A Dataset for Tackling Gender Bias in Text
We are a team of research interns taking part in the humanitarian AI internship at Mila (Quebec Institute of Learning Algorithms) and our goal is to detect and correct gender bias in text with machine learning (a branch of artificial intelligence). We started this project during the AI for Social Good Lab and would like to extend our gratitude towards the creation of this program.
Most work related to gender bias within the machine learning community is focused on debiasing existing models such as word embeddings, coreference resolution and captioning. We propose to build a dataset from which a model can be trained to detect gender bias in text. During our first prototype, this website allowed for sentences to be labeled via crowdsourcing.

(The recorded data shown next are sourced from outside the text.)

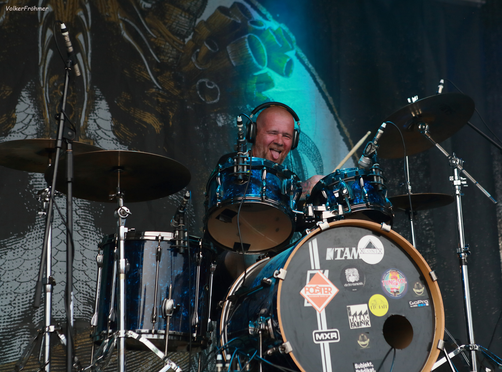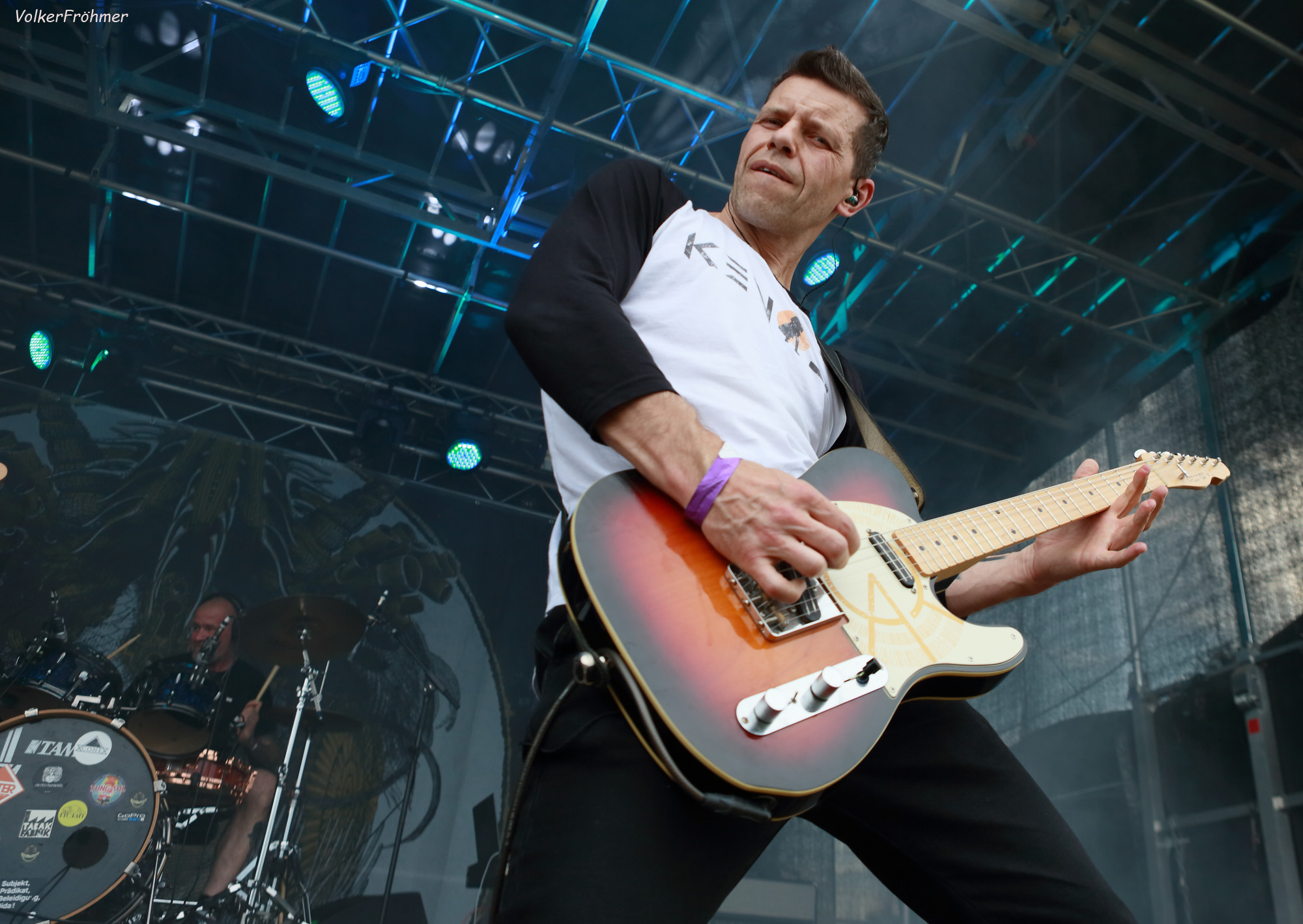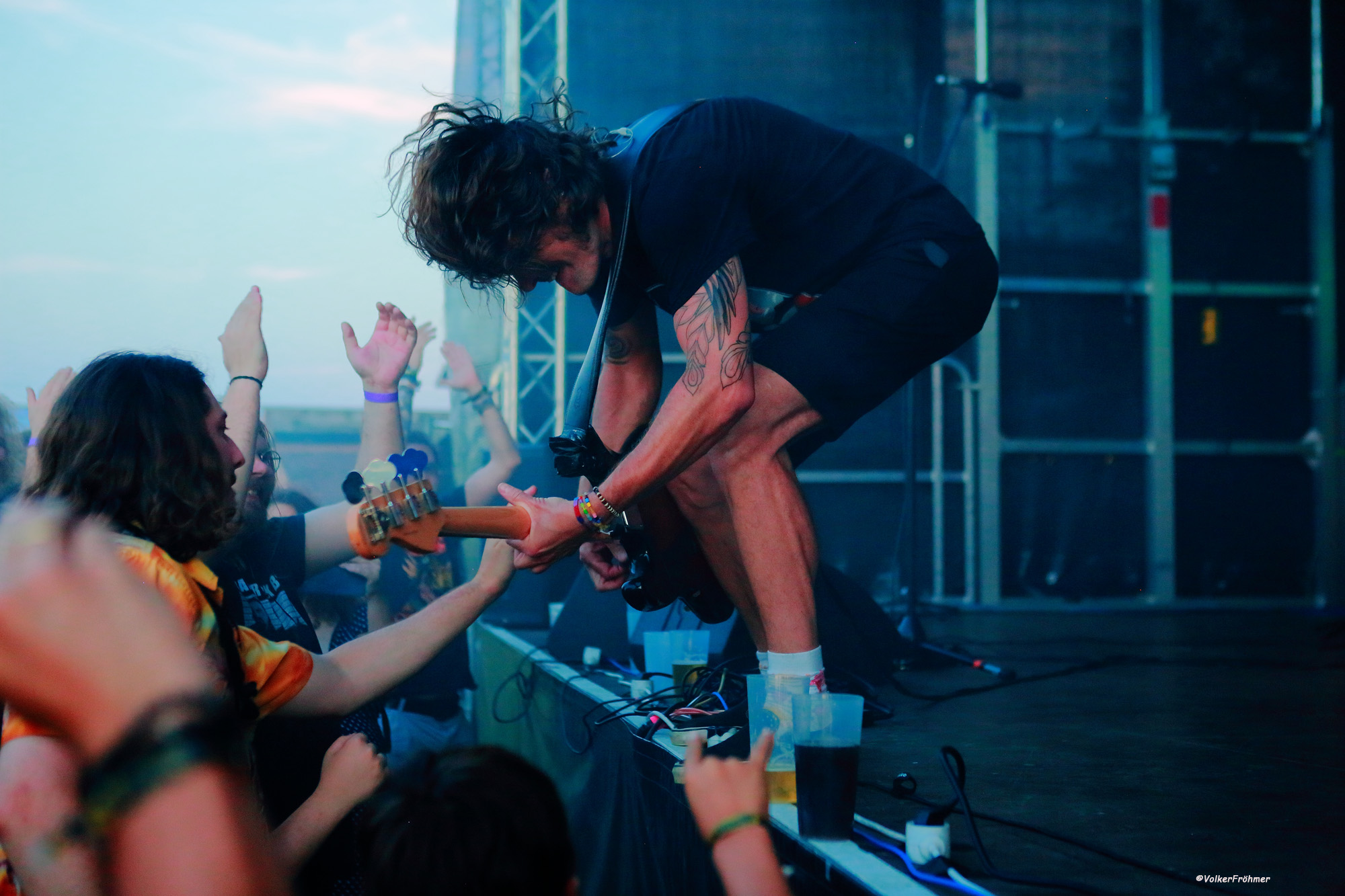 Achtung, persönliche Meinung: Truckfighters, tja Truckfighters: zigmal erlebt, anfangs so um 2013/14 noch interessant für mich was aber im Laufe der Jahre bei mehreren Wiederbegegnungen nur noch zu einem na ja wurde. Ihre letzte Platte erschien nicht nur gefühlt im Pleistozän und ihre Bühnenauftritte ähneln sich musikalisch und Ausdruckstänzerisch doch sehr. Also guck ich mir das ein bisschen an, mache auch ein eingesprungenes Punktlandungsphoto und noch ein paar andere Photos….Aber noch was dazu: dem feiernden Volk vor der Bühne gefiel das was sie sie sahen und hörten und das ist die Hauptsache, woll!
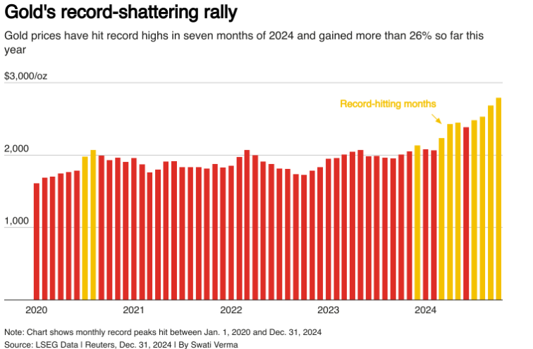 央行强劲购买、地缘不确定性和货币政策宽松推动避险黄金在 2024 年创下历史新高,并在 10 月 31 日创下 2,790.15 美元的历史新高。
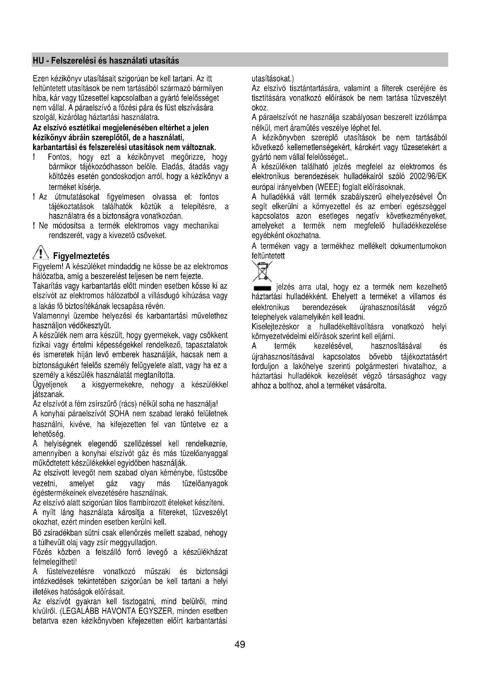 5). Scoateți filtrul. După o curățare minuțioasă a ramei potriviţi noul filtru la măsura corectă și introduceți-l. Asigurați-vă că marcajele colorate de pe filtru sunt orientate spre interior. Filtru de cărbune (numai pentru versiunea filtrantă) Reţine mirosurile neplăcute, derivate în urma procesului de coacere. Saturaţia filtrului de cărbune depinde de folosirea mai mult sau mai puţin prelungită a tipului de maşina de gătit precum şi de curăţarea regulară a filtrului pentru grăsime. În orice caz, cartuşul filtrului trebuie înlocuit cel mult la fiecare patru luni. NU-l spălaţi sau refolosiţi Filtru de cărbune circular Aplicaţi unul pe margine pentru acoperirea ambelor grilaje de protecţie a rotorului motorului, apoi rotiţi în sens orar. Pentru demontare rotiţi în sens antiorar. Înlocuirea becurilor Deconectaţi hota de la reţeaua electrică. Atenţie! Înainte de a atinge becurile, asiguraţi-vă că nu au o temperatură ridicată. Înlocuiţi becul avariat Folosiţi doar becuri cu halogen tip lumânare Ø35 mm E14 28W. Dacă plafoniera nu se aprinde, controlaţi dacă aţi introdus bine becurile înainte de a chema Asistenţa tehnică.49 HU - Felszerelési és használati utasítás Ezen kézikönyv utasításait szigorúan be kell tartani. Az itt feltüntetett utasítások be nem tartásából származó bármilyen hiba, kár vagy tűzesettel kapcsolatban a gyártó felelősséget nem vállal. A páraelszívó a főzési pára és füst elszívására szolgál, kizárólag háztartási használatra. Az elszívó esztétikai megjelenésében eltérhet a jelen kézikönyv ábráin szereplőtől, de a használati, karbantartási és felszerelési utasítások nem változnak. ! Fontos, hogy ezt a kézikönyvet megőrizze, hogy bármikor tájékozódhasson belőle. Eladás, átadás vagy költözés esetén gondoskodjon arról, hogy a kézikönyv a terméket kísérje. ! Az útmutatásokat figyelmesen olvassa el: fontos tájékoztatások találhatók köztük a telepítésre, a használatra és a biztonságra vonatkozóan. ! Ne módosítsa a termék elektromos vagy mechanikai rendszerét, vagy a kivezető csöveket. Figyelmeztetés Figyelem! A készüléket mindaddig ne kösse be az elektromos hálózatba, amíg a beszerelést teljesen be nem fejezte. Takarítás vagy karbantartás előtt minden esetben kösse ki az elszívót az elektromos hálózatból a villásdugó kihúzása vagy a lakás fő biztosítékának lecsapása révén. Valamennyi üzembe helyezési és karbantartási művelethez használjon védőkesztyűt. A készülék nem arra készült, hogy gyermekek, vagy csökkent fizikai vagy értelmi képességekkel rendelkező, tapasztalatok és ismeretek híján levő emberek használják, hacsak nem a biztonságukért felelős személy felügyelete alatt, vagy ha ez a személy a készülék használatát megtanította. Ügyeljenek a kisgyermekekre, nehogy a készülékkel játszanak. Az elszívót a fém zsírszűrő (rács) nélkül soha ne használja! A konyhai páraelszívót SOHA nem szabad lerakó felületnek használni, kivéve, ha kifejezetten fel van tüntetve ez a lehetőség. A helyiségnek elegendő szellőzéssel kell rendelkeznie, amennyiben a konyhai elszívót gáz és más tüzelőanyaggal működtetett készülékekkel egyidőben használják. Az elszívott levegőt nem szabad olyan kéménybe, füstcsőbe vezetni, amelyet gáz vagy más tüzelőanyagok égéstermékeinek elvezetésére használnak. Az elszívó alatt szigorúan tilos flambírozott ételeket készíteni. A nyílt láng használata károsítja a filtereket, tűzveszélyt okozhat, ezért minden esetben kerülni kell. Bő zsiradékban sütni csak ellenőrzés mellett szabad, nehogy a túlhevült olaj vagy zsír meggyulladjon. Főzés közben a felszálló forró levegő a készülékházat felmelegítheti! A füstelvezetésre vonatkozó műszaki és biztonsági intézkedések tekintetében szigorúan be kell tartani a helyi illetékes hatóságok előírásait. Az elszívót gyakran kell tisztogatni, mind belülről, mind kívülről. (LEGALÁBB HAVONTA EGYSZER, minden esetben betartva ezen kézikönyvben kifejezetten előírt karbantartási utasításokat.) Az elszívó tisztántartására, valamint a filterek cseréjére és tisztítására vonatkozó előírások be nem tartása tűzveszélyt okoz. A páraelszívót ne használja szabályosan beszerelt izzólámpa nélkül, mert áramütés veszélye léphet fel. A kézikönyvben szereplő utasítások be nem tartásából következő kellemetlenségekért, károkért vagy tűzes etekért a gyártó nem vállal felelősséget.. A készüléken található jelzés megfelel az elektromos és elektronikus berendezések hulladékairól szóló 2002/96/EK európai irányelvben (WEEE) foglalt előírásoknak. A hulladékká vált termék szabályszerű elhelyezésével Ön segít elkerülni a környezettel és az emberi egészséggel kapcsolatos azon esetleges negatív következményeket, amelyeket a termék nem megfelelő hulladékkezelése egyébként okozhatna. A terméken vagy a termékhez mellékelt dokumentumokon feltüntetett jelzés arra utal, hogy ez a termék nem kezelhető háztartási hulladékként. Ehelyett a terméket a villamos és elektronikus berendezések újrahasznosítását végző telephelyek valamelyikén kell leadni. Kiselejtezéskor a hulladékeltávolításra vonatkozó helyi környezetvédelmi előírások szerint kell eljárni. A termék kezelésével, hasznosításával és újrahasznosításával kapcsolatos bővebb tájékoztatásért forduljon a lakóhelye szerinti polgármesteri hivatalhoz, a háztartási hulladékok kezelését végző társasághoz vagy ahhoz a bolthoz, ahol a terméket vásárolta.50 Használat Az elszívót úgy tervezték, hogy kivezetett üzemmódban a szabadba történő kibocsátással, vagy filteres, keringtetett üzemmódban működhessen. Kivezet
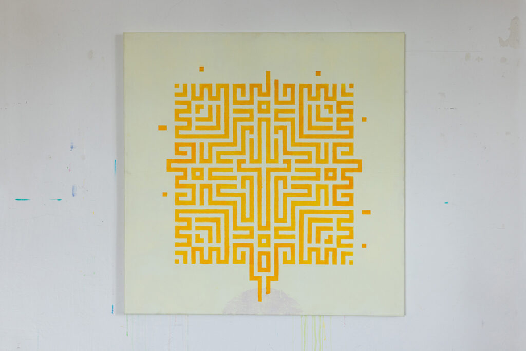 Elemente I: Weltraumbaum. 135 x 135 cm, acrylics and colored ink on canvas, 2025.
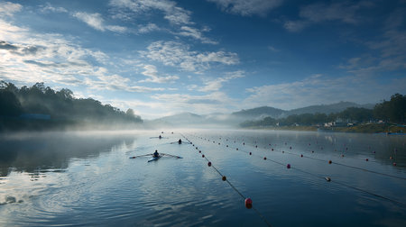 A rowing team coordinates their strokes in a scull on a calm river during a misty sunrise. The symmetrical perspective captures the teamwork and athletic discipline required in the sport against a beautiful morning backdrop.
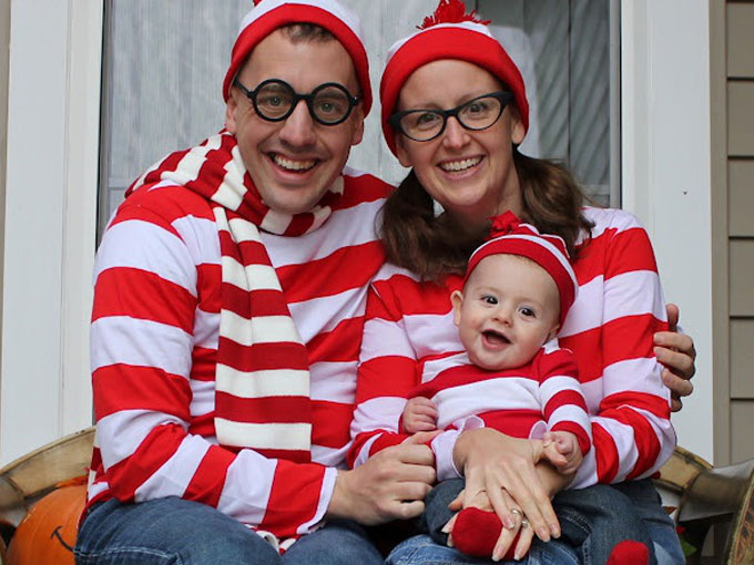 ¿Dónde está Wally? ¡A ver quién os encuentra! Una mamá, un papá, un bebé, ¡cualquiera puede usar este disfraces! Además, es muy fácil, pues valdría con una camiseta de rayas, un gorro y unas gafas y ya está, ¡a escondernos!
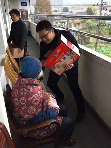 經(jīng)過20多分鐘的車程,我們到達了靈山敬老院,那里很安靜祥和,大家都激動不已。因為事先聯(lián)系過,一下車,就有許多老人在門口等候我們了??粗覀儙淼囊幌湎涞乃秃脦状娘灨傻案鈺r,身旁的老人就一直沖著我們說:“你們太好了,還買這么多東西給我們,真是當不起的”。我們十余名團員迅速分工,有的將水果和餅干分箱裝袋,有的負責派送三樓的老人,有的負責派送二樓的老人,經(jīng)過一個多小時的努力,我們終于全部派送完全部的物品。
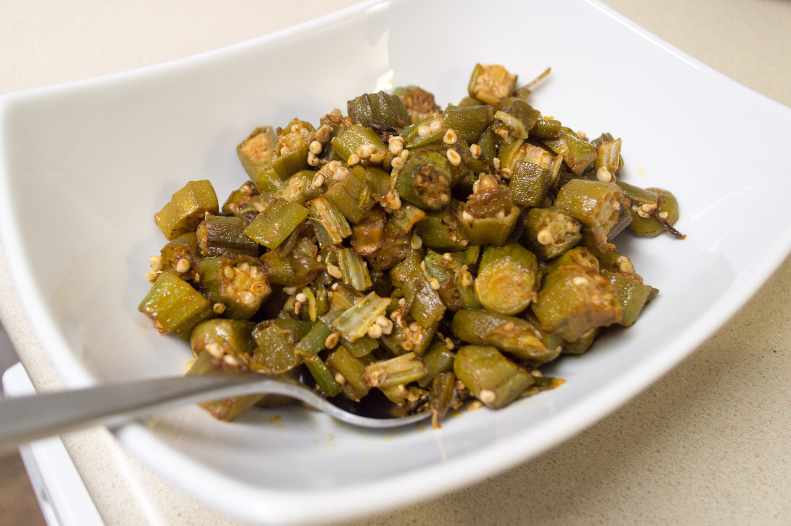 Okra baked with spicy sliced potatoes with heartwarming spices.
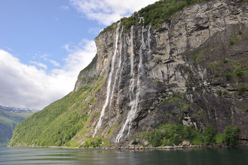 Выехали с парома, взобрались в горы, потом спустились опять в долину. Погода менялась несколько раз на дню вместе с рельефом местности – то тучи и влажно, то солнце. В Финляндии нас в свое время очень поразили дороги, как будто прорубленные в скалах. Т.е. если на пути дорожного полотна встречается гора, то гора в этом месте убирается и полотно продолжается как небывало в окружении скал. Здесь, в Норвегии, таких дорог очень много. В 19-30 были на месте второй стоянки – кэмпинг Geiranger в одноименном городке и на берегу одноименного же фьорда (за двухдневную стоянку с палаткой отдали 460NOK). Вокруг была красота неописуемая: кэмпинг расположен в долине, по бокам — горы, в верховьях долины – водопад, перетекающий в горную рек, впадающую во фьорд. Вода в реке чистейшая – видно дно, но безумно холодная. Если опустить руки, то они стынут уже через несколько секунд. Температура воды не превышает 10 градусов. Даже если только подойти к мостику через эту реку, то сразу обдает холодом.
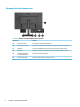 Aizmugurē izvietotie komponenti 1-2. tabula. Aizmugurē izvietotie komponenti un to apraksti 4 Komponents Apraksts (1) Strāvas savienotājs Šeit tiek pievienots maiņstrāvas adapteris. (2) DisplayPort savienotājs Ļauj pievienot DisplayPort kabeli avota ierīcei, piemēram, datoram vai spēļu konsolei. (3) HDMI ports Ļauj pievienot HDMI kabeli avota ierīcei, piemēram, datoram vai spēļu konsolei. (4) VGA ports Ļauj pievienot monitora VGA kabeli no monitora uz avota ierīci, piemēram, datoru.

Each participant labeled 10 sentences and after 7 days of being deployed a total of 365 participants were reached. The two major takeaways after this first experiment were that binary labeling is hard for labelers and gender bias is misunderstood. Therefore, we suggest finding a gender bias definition from experts to better guide the labelers. With a linguistic approach, we would like to augment existing text data and scrape the web to acquire a larger set of sentences.
Our second crowdsourcing prototype launched at the end of November 2018.
A model trained on a robust gender bias dataset could directly address the negative preconceived ideas people have about gender and guide human judgments by recognizing their gender biases. This could then initiate reflections on gender-sensitive topics and empower the movement of fairness and equity for all genders.